Effects of 7‐NI, MOL, l‐NAME, l‐ARG on the Firing Basal Properties and on Acute Nicotine‐Induced Excitation of DA Neurons in the SNc

In a first series of experiments the effects of two NOS inhibitors, l‐NAME (50 mg/kg, i.p.) and 7‐NI (50 mg/kg, i.p.), were evaluated for at least 30 min or more, at 5‐min intervals (Figure 1A, B)

Figure 1.

Figure 1

Effect of systemic and local manipulation of NO signaling on the firing rate of dopaminergic SNc neurons. Representative rate histograms showing the effects elicited by i.p. administration (at arrows) of l‐NAME (50 mg/kg) (A), 7‐NI (50 mg/kg) (B), MOL (50 mg/kg) (C). APO, apomorphine administration (10 μg/kg i.v., at arrow). (D) Cumulative dose–response curve showing the mean percentage change (± SEM) in firing rate after vehicle, 7‐NI (50 mg/kg), l‐NAME (50 mg/kg), MOL (50 mg/kg) and l‐ARG (50 mg/kg).

Systemic administration of l‐NAME (Figure 1A, D) did not cause any significant change in the basal firing rate and bursting activity (Table 1) of the SNc DA neurons recorded compared to vehicle effect (n = 10; P > 0.89). The administration of 7‐NI (Figure 1D) elicited a slight decrease of the firing rate that reached the peak at 30 min (–13.5 ± 15.7%, n = 6, P > 0.63). In two cells the pattern mode was strongly affected. A neuron showed a decrease of spikes fired in bursts at 20 min from the drug treatment (Δ=–21.3) and did not recover until the end of the recording. In another neuron, the Δ decrease (≈ –30) was observed 15 min after 7‐NI injection and was followed by a gradual return to the predrug value (at 30 min Δ=−0.4). Overall, the effect of 7‐NI in terms of firing rate (Figure 1D) and pattern (Table 1) was statistically not significant when compared to the vehicle group (n = 10).

Table 1.

Effects of nitric oxide drugs and nicotine on the firing pattern of SNc dopaminergic neurons

Treatment Δburst
Vehicle 0.83 ± 1.61
l‐NAME (i.p.) −0.14 ± 2.9
l‐NAME (iontophoresis) −0.04 ± 1.6
7‐NI (i.p.) −5.70 ± 3.1
l‐ARG (i.p.) −2.33 ± 6.5
l‐ARG (iontophoresis) −0.48 ± 1.6
MOL (i.p.) 1.62 ± 1.5
Nicotine (i.v.) 20.41 ± 7.51a
Nicotine +l‐NAME (i.v.+ i.p.) 9.9 ± 7.01b
Nicotine + 7‐NI (i.v.+ i.p.) 4.9 ± 2.6b
Nicotine +l‐NAME + MOL (i.v.+ i.p.) 15.2 ± 6.68a
Nicotine +7‐NI + MOL (i.v.+ i.p.) 9.46 ± 11.01b

a P < 0.05 compared with vehicle group, b P < 0.05 compared to nicotine (Mann‐Whitney U test).

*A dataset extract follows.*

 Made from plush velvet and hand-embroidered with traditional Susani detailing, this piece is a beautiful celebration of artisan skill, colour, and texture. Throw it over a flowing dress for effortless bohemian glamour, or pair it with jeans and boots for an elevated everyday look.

Accordingly, treatment with the NO precursor l‐ARG (50 mg/kg, i.p. n = 6, Figure 1D) and the NO releaser MOL (Figure 1C) (50 mg/kg, i.p.; n = 6) did not produce any significant modification of both the neuronal discharge rate (Figure 1C, D) and pattern (Table 1) when compared to the vehicle group. Similarly, the modification of NO levels within the SNc, by 5 min application of l‐NAME (40 nA, n = 4) or l‐ARG, (40 nA; n = 5) was inactive on the basal electrophysiological activity of DA SNc neurons (Table 1).

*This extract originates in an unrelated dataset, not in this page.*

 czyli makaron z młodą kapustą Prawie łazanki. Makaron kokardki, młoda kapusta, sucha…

Nicotine (25–400 μg/kg, i.v.) significantly caused a dose‐dependent increase of the firing rate (n = 7; P < 0.05; Figure 2A) and the bursting activity (P < 0.05; Table 1) compared to the vehicle group (n = 10). Although all cells were excited by nicotine in terms of firing rate and discharge pattern, the degree of response was not entirely uniform. As shown by the dose–response curve reported in Figure 2D, nicotine reached its maximal effect on the firing rate (+93 ± 19%, above baseline) at the cumulative dose of 775 μg/kg. At the same dose, the spikes fired in bursts increased to a Δ equal to 20.41 ± 7.5 (P < 0.05 compared with vehicle group).

Figure 2.

Figure 2

Blockade by 7‐NI and l‐NAME of the excitatory actions of nicotine on the firing rate of SNc neurons. (A) Representative rate histogram showing that i.v. effect of nicotine (25, 50, 100, 200, and 400 μg/kg, at arrows). (B,C) Representative rate histograms showing that pretreatment with 7‐NI and l‐NAME (50 mg/kg, i.p.) prevents the excitatory effect of nicotine. (D) Cumulative dose–response curve showing the mean percentage change (± SEM) in firing rate after nicotine, vehicle, 7‐NI + nicotine, l‐NAME + nicotine, 7‐NI + nicotine + MOL, and l‐NAME + nicotine +MOL. Statistical analysis revealed a significant effect of nicotine (one‐way ANOVA; P < 0.01; n = 7) compared with vehicle group (n = 10). Pretreatment with 7‐NI or l‐NAME (50 mg/kg, i.p.), prevented nicotine‐induced increase in DA firing rate (two‐way ANOVA; nicotine vs. vehicle *P < 0.05; **P < 0.01 and NOS inhibitors vs. nicotine #P < 0.05; ##P < 0.01 by Tukey‐Kramer post hoc test).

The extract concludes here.